### Activity
Below are records; transcribe only the line with "The heart of" and those after it, through the last line, without any change.

Records for this exercise: Begin

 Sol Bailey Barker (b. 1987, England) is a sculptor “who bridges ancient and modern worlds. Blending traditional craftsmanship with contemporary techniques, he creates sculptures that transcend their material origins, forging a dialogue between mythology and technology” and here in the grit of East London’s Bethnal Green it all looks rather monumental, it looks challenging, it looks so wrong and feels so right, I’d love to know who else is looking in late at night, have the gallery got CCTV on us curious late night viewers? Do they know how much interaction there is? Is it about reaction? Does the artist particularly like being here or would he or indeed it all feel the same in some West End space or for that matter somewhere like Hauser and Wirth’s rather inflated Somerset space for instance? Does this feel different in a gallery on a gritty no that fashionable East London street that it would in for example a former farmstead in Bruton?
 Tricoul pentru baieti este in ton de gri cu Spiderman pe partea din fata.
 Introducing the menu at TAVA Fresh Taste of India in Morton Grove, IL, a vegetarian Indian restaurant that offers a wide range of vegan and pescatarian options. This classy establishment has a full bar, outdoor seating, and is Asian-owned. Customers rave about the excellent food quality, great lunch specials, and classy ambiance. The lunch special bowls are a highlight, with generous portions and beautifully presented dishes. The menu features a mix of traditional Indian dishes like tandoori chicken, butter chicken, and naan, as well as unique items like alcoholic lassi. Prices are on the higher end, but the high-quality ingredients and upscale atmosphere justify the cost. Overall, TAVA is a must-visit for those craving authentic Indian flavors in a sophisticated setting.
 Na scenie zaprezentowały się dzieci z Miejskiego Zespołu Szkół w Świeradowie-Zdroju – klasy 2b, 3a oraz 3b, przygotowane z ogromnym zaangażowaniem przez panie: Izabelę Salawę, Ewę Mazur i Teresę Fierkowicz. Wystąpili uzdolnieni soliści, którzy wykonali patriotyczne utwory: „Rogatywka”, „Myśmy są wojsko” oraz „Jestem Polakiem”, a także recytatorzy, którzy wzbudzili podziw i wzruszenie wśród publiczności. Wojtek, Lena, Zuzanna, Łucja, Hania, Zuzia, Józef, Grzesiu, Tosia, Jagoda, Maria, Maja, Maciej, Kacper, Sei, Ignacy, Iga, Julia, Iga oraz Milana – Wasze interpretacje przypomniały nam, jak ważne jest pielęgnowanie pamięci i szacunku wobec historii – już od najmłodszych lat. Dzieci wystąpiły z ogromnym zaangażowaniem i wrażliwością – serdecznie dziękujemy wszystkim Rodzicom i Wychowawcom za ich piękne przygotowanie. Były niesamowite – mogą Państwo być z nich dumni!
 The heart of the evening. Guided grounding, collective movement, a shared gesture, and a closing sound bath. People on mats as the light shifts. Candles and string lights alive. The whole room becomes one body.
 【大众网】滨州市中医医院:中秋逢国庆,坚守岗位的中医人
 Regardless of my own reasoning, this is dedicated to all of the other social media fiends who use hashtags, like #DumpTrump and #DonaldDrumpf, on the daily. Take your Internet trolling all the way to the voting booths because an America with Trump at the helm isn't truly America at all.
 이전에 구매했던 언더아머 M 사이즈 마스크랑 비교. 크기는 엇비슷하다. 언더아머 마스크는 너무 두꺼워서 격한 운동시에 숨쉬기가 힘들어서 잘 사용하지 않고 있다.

Records for this exercise: End

### Problem solution
 The heart of the evening. Guided grounding, collective movement, a shared gesture, and a closing sound bath. People on mats as the light shifts. Candles and string lights alive. The whole room becomes one body.
 【大众网】滨州市中医医院:中秋逢国庆,坚守岗位的中医人
 Regardless of my own reasoning, this is dedicated to all of the other social media fiends who use hashtags, like #DumpTrump and #DonaldDrumpf, on the daily. Take your Internet trolling all the way to the voting booths because an America with Trump at the helm isn't truly America at all.
 이전에 구매했던 언더아머 M 사이즈 마스크랑 비교. 크기는 엇비슷하다. 언더아머 마스크는 너무 두꺼워서 격한 운동시에 숨쉬기가 힘들어서 잘 사용하지 않고 있다.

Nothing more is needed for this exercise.